--- AVAILABLE DATA Enclosed Below ---

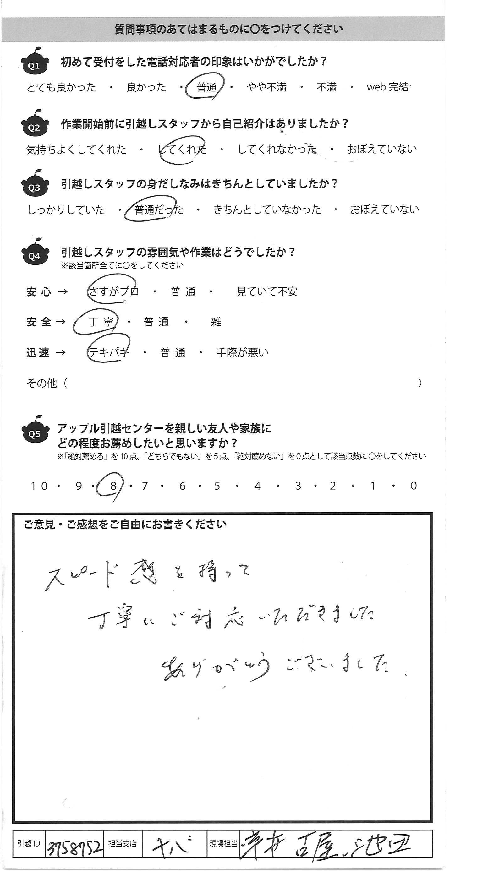 A.作業員さん達の言葉使いが丁ねいで気もちが良 かったです。私も何回か引越ししていますが、良い 方々だと思います。まだご多忙の時が続くと思 いますので、お体を大切に頑張って下さい
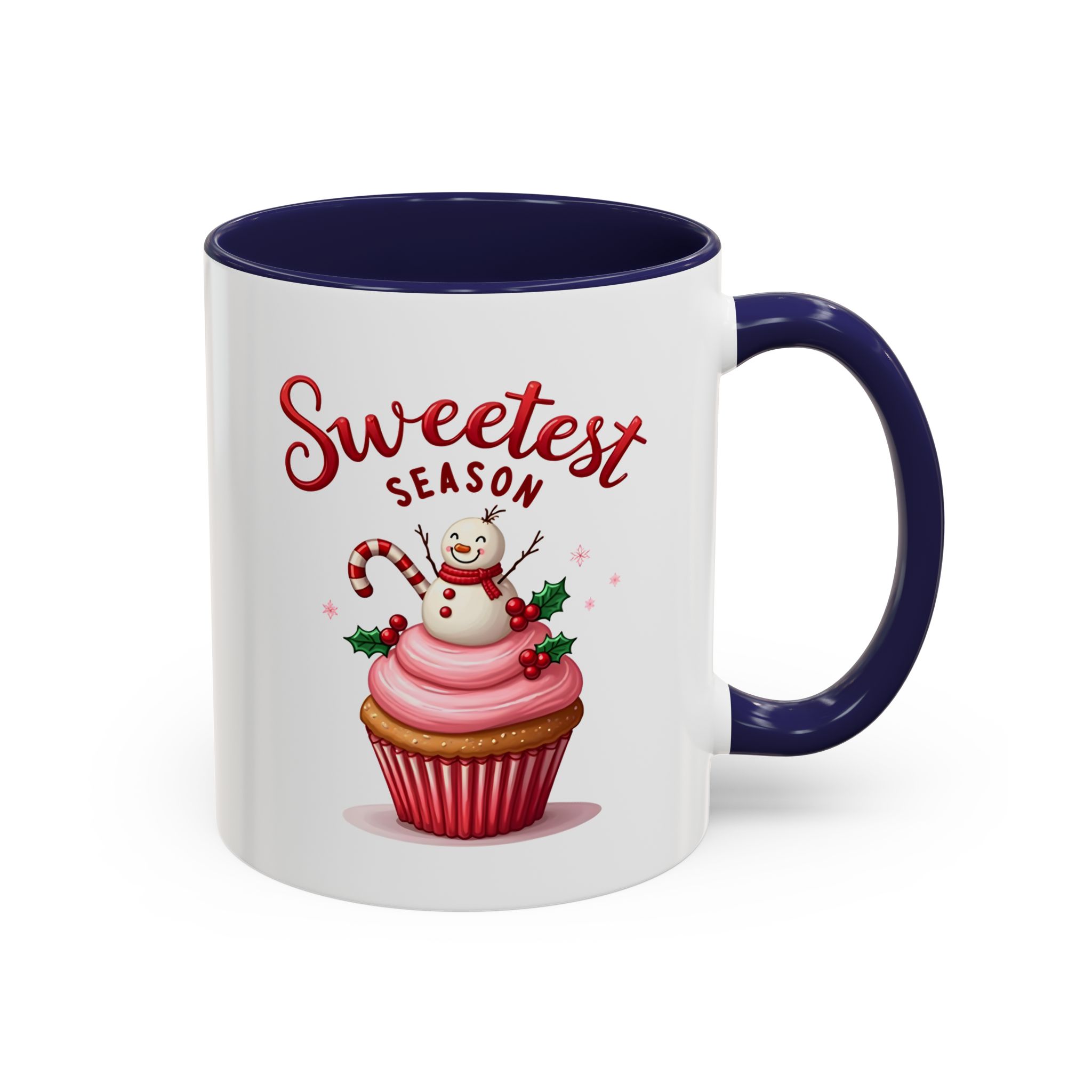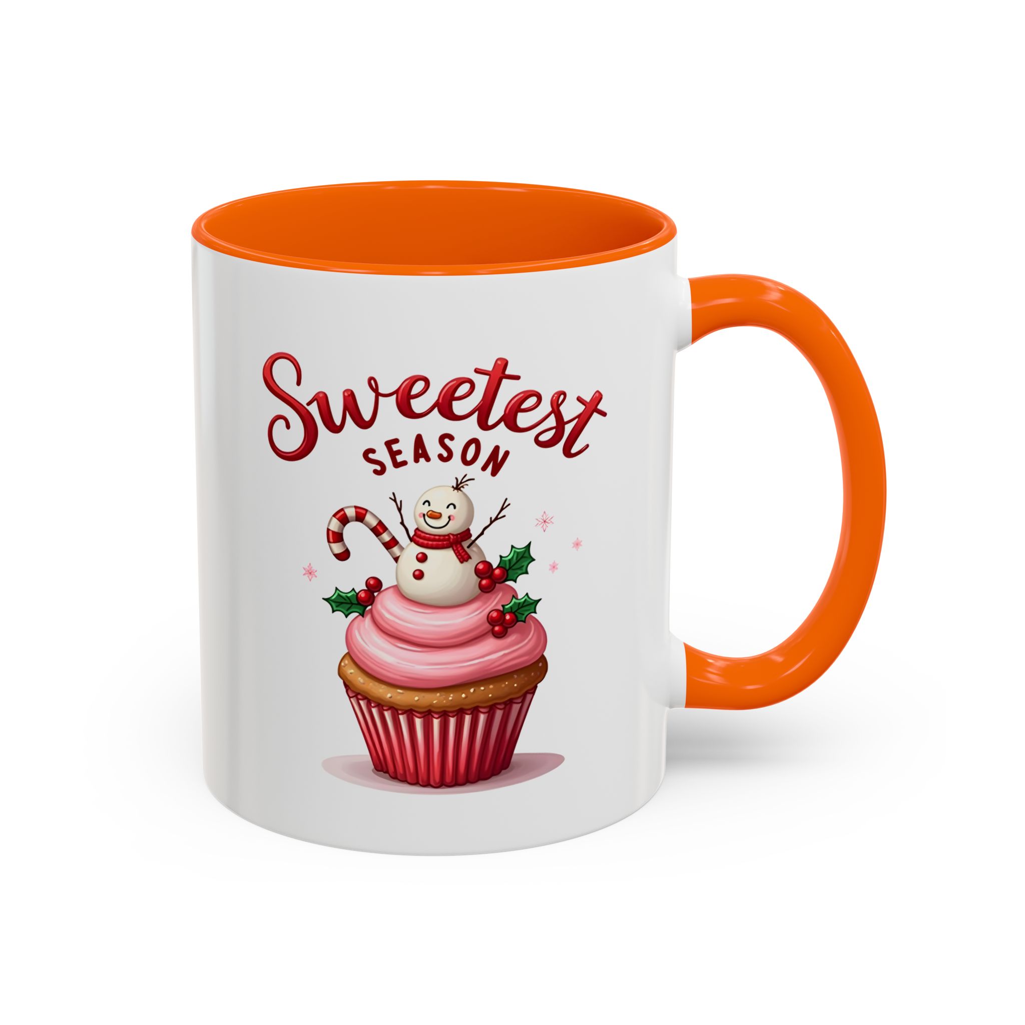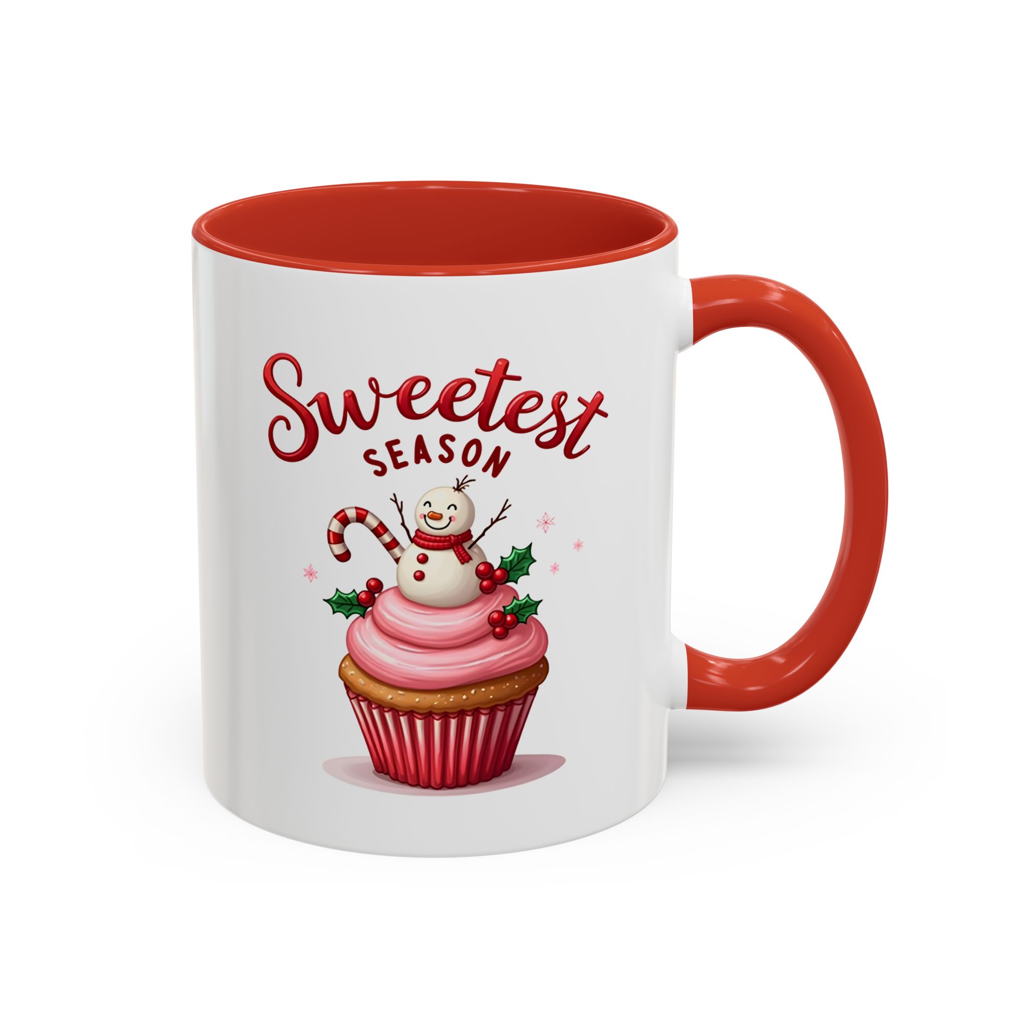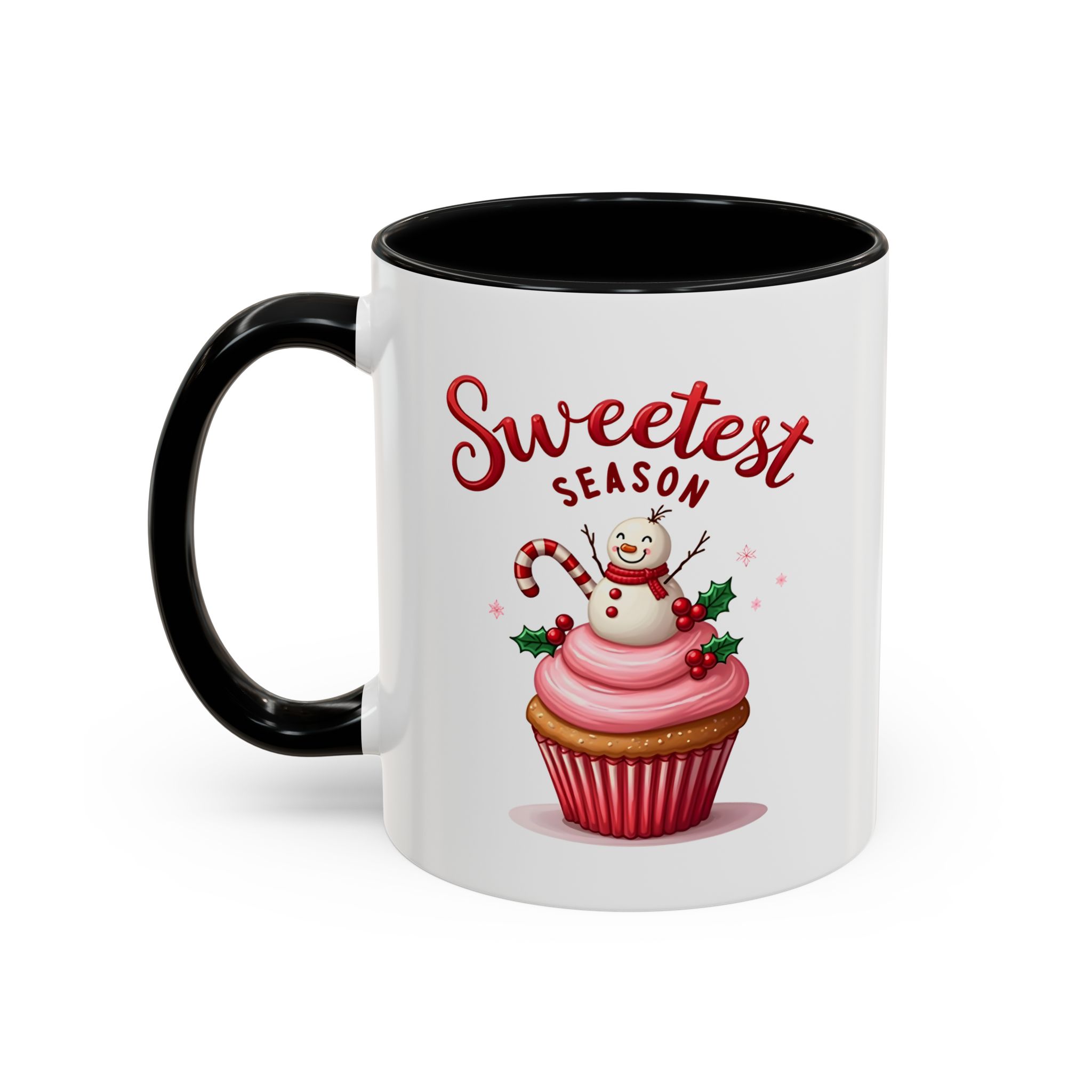 Sweet season christmas mug with “Sweetest Season” cupcake snowman design. 11oz ceramic, dishwasher/microwave safe, available in 9 accent colors.
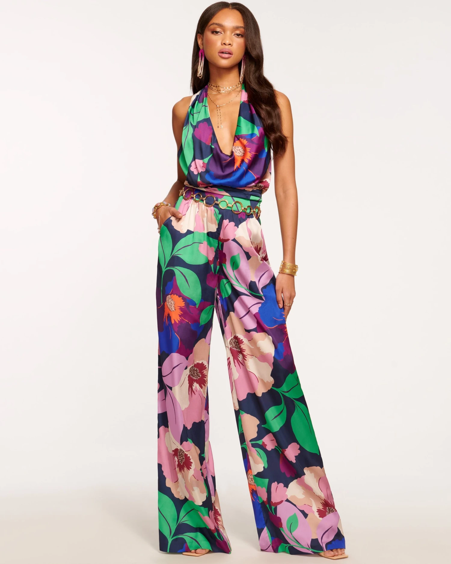 Watch your summer wardrobe blossom when you slip into the Marnie. This polished pair of high waisted trousers feature an uplifting multicolored floral print design, and paired with a statement top or a white t-shirt, delivers a style to smile in.
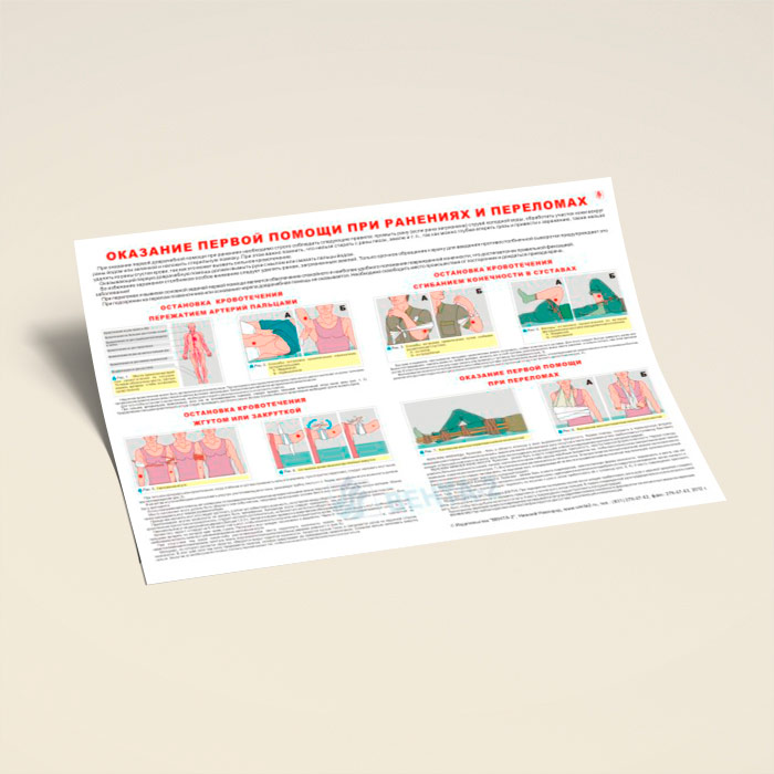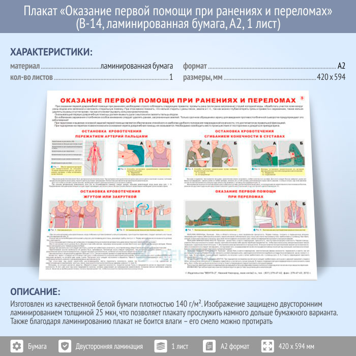 Плакат «Оказание первой помощи при ранениях и переломах» (В-14, ламинированная бумага, А2, 1 лист) в Кызыле купить
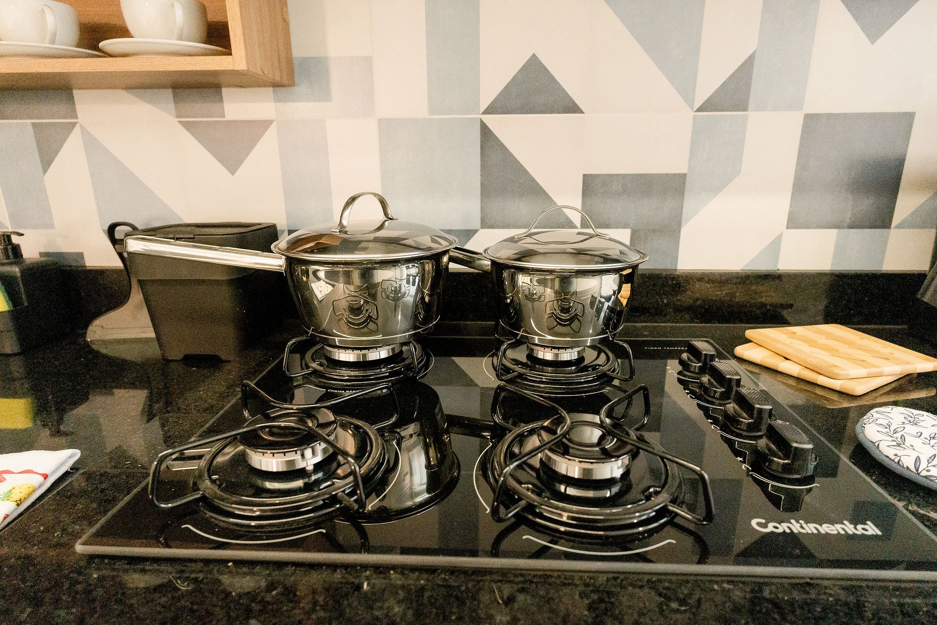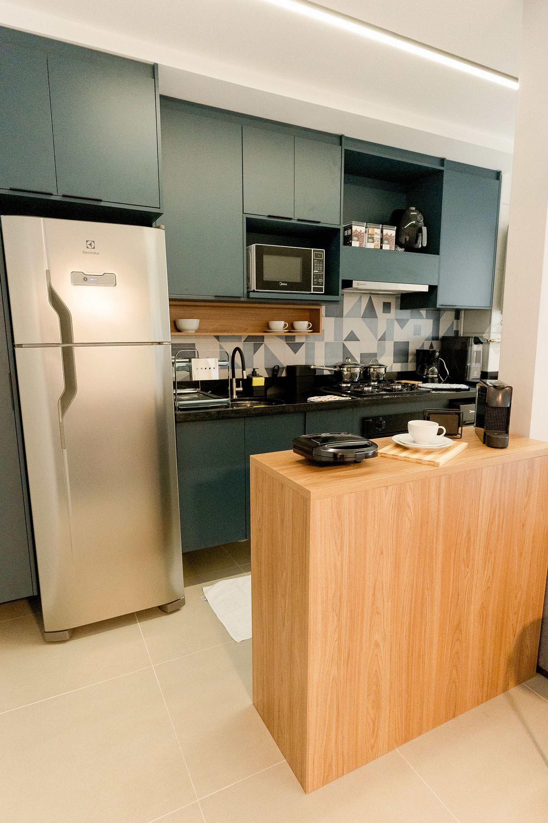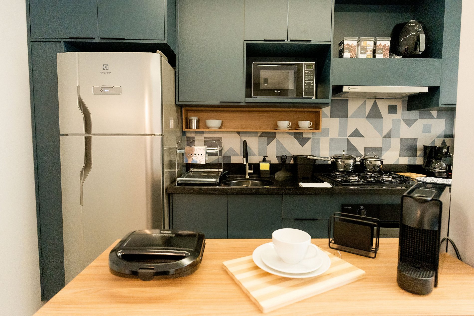 A cozinha é completa, equipada com eletrodomésticos como geladeira, cooktop, forno, micro-ondas, cafeteira, sanduicheira e liquidificador, além de utensílios essenciais para preparar refeições com praticidade.
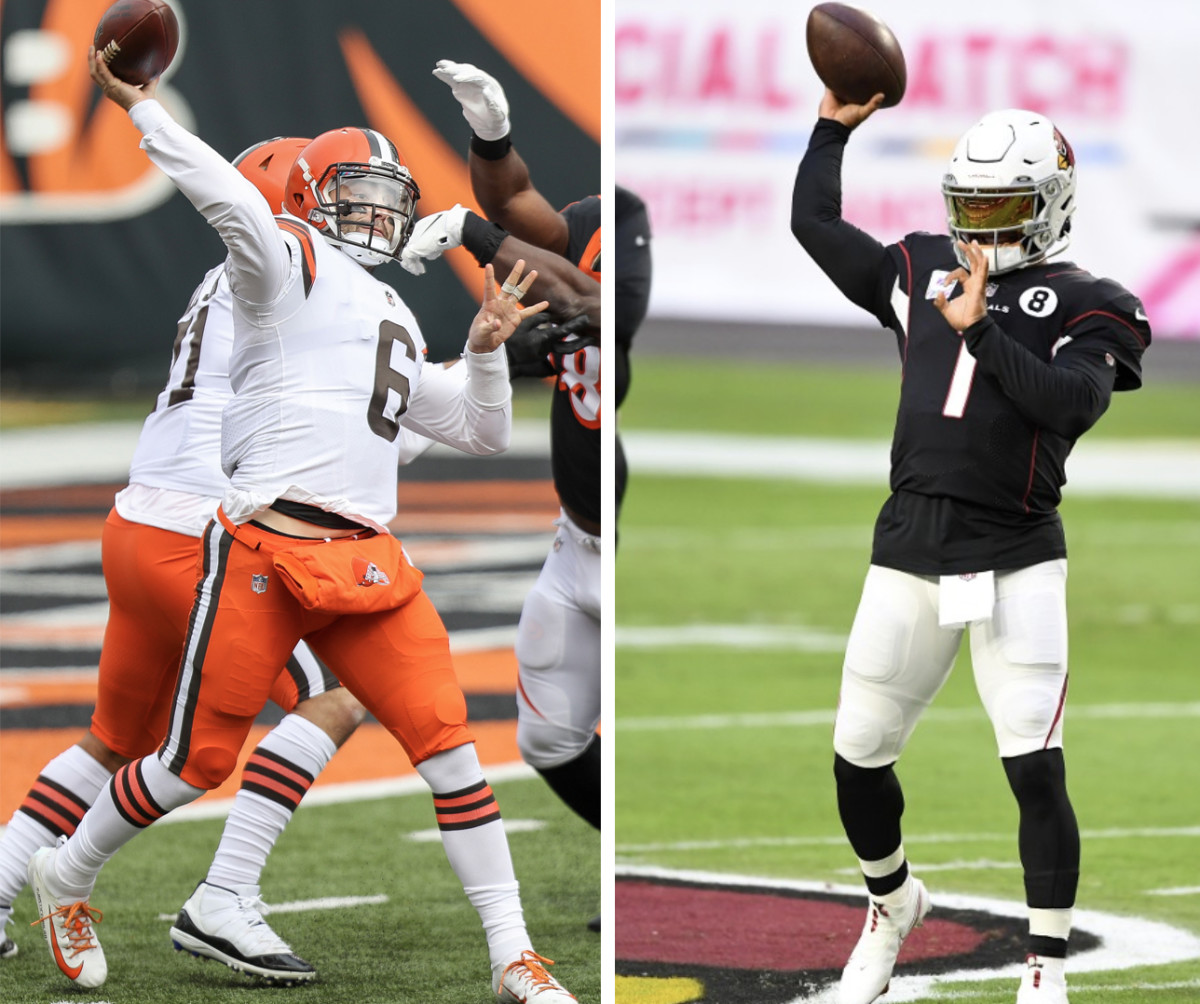 In a high-octane shootout with LSU Heisman winner and No. 1 pick Joe Burrow, Mayfield broke the franchise record by completing 21 consecutive passes, finished the day with 297 yards on 22-of-28 passing (his only incompletion down the stretch was a spike to stop the clock) and threw five touchdowns. He wrapped up the Browns’ intrastate victory with a game-winning TD throw to Donovan Peoples-Jones with 11 seconds to play.

--- End of Enclosed AVAILABLE DATA ---

WORK INSTRUCTION. What you return must match the lines from the top of the data through the line with "Sweet season christmas" exactly, with the pictures removed.

YOUR SOLUTION.
 A.作業員さん達の言葉使いが丁ねいで気もちが良 かったです。私も何回か引越ししていますが、良い 方々だと思います。まだご多忙の時が続くと思 いますので、お体を大切に頑張って下さい
 Sweet season christmas mug with “Sweetest Season” cupcake snowman design. 11oz ceramic, dishwasher/microwave safe, available in 9 accent colors.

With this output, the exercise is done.